- Exercise -
Scan the entries below for the word "from". Copy each line that has it.

- Supplied entries -

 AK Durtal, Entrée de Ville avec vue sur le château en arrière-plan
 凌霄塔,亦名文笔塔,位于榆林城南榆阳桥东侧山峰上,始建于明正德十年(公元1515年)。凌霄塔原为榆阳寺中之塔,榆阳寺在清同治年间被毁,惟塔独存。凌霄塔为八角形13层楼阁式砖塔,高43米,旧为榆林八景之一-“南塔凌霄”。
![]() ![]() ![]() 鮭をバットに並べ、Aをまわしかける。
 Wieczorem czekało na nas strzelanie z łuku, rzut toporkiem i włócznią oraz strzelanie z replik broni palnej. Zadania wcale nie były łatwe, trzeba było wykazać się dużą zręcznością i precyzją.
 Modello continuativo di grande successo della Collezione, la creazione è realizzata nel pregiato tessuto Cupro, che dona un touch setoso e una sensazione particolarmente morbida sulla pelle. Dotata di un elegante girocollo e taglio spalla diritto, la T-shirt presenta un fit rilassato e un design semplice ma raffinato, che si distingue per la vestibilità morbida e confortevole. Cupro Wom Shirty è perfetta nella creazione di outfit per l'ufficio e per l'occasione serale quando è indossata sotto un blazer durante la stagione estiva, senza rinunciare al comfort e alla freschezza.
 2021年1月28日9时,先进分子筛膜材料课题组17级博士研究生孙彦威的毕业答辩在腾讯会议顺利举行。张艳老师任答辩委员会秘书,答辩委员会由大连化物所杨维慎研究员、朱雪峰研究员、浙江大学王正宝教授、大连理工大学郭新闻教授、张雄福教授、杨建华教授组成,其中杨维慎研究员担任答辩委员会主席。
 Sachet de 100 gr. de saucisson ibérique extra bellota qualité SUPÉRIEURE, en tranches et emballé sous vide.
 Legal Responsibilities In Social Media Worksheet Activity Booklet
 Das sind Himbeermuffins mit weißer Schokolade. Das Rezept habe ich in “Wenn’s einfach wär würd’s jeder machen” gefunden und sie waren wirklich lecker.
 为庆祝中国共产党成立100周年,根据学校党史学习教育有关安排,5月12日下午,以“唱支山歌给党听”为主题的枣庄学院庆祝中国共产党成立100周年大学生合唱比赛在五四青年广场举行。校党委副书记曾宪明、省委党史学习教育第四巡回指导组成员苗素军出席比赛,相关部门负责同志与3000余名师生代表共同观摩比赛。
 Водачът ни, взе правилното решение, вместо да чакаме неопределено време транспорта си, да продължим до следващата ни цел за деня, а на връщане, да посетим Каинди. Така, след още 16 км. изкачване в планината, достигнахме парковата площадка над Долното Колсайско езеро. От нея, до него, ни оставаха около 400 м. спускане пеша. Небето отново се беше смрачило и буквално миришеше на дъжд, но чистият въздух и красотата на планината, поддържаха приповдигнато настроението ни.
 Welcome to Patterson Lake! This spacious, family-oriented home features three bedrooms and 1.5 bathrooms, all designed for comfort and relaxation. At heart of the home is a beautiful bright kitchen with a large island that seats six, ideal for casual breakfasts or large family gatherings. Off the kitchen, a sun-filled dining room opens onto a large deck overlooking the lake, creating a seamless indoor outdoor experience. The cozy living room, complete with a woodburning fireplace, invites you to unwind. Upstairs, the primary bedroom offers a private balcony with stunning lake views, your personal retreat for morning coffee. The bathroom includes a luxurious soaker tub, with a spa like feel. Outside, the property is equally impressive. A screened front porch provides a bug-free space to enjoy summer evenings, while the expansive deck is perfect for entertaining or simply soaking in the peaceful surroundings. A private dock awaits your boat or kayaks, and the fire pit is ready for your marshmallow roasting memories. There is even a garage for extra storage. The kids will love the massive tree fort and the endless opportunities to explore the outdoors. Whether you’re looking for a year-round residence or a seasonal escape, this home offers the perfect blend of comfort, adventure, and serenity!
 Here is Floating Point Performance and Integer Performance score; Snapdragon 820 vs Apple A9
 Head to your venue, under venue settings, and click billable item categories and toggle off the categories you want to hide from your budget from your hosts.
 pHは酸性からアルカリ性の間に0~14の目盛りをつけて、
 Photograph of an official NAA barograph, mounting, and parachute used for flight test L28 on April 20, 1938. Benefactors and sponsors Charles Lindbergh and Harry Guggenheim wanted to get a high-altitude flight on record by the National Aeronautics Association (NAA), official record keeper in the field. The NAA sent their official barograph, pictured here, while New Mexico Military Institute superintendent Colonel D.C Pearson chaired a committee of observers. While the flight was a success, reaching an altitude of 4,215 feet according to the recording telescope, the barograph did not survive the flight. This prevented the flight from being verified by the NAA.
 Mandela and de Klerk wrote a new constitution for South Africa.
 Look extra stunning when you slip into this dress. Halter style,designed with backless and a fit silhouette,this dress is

- Solution -
 Head to your venue, under venue settings, and click billable item categories and toggle off the categories you want to hide from your budget from your hosts.
 Photograph of an official NAA barograph, mounting, and parachute used for flight test L28 on April 20, 1938. Benefactors and sponsors Charles Lindbergh and Harry Guggenheim wanted to get a high-altitude flight on record by the National Aeronautics Association (NAA), official record keeper in the field. The NAA sent their official barograph, pictured here, while New Mexico Military Institute superintendent Colonel D.C Pearson chaired a committee of observers. While the flight was a success, reaching an altitude of 4,215 feet according to the recording telescope, the barograph did not survive the flight. This prevented the flight from being verified by the NAA.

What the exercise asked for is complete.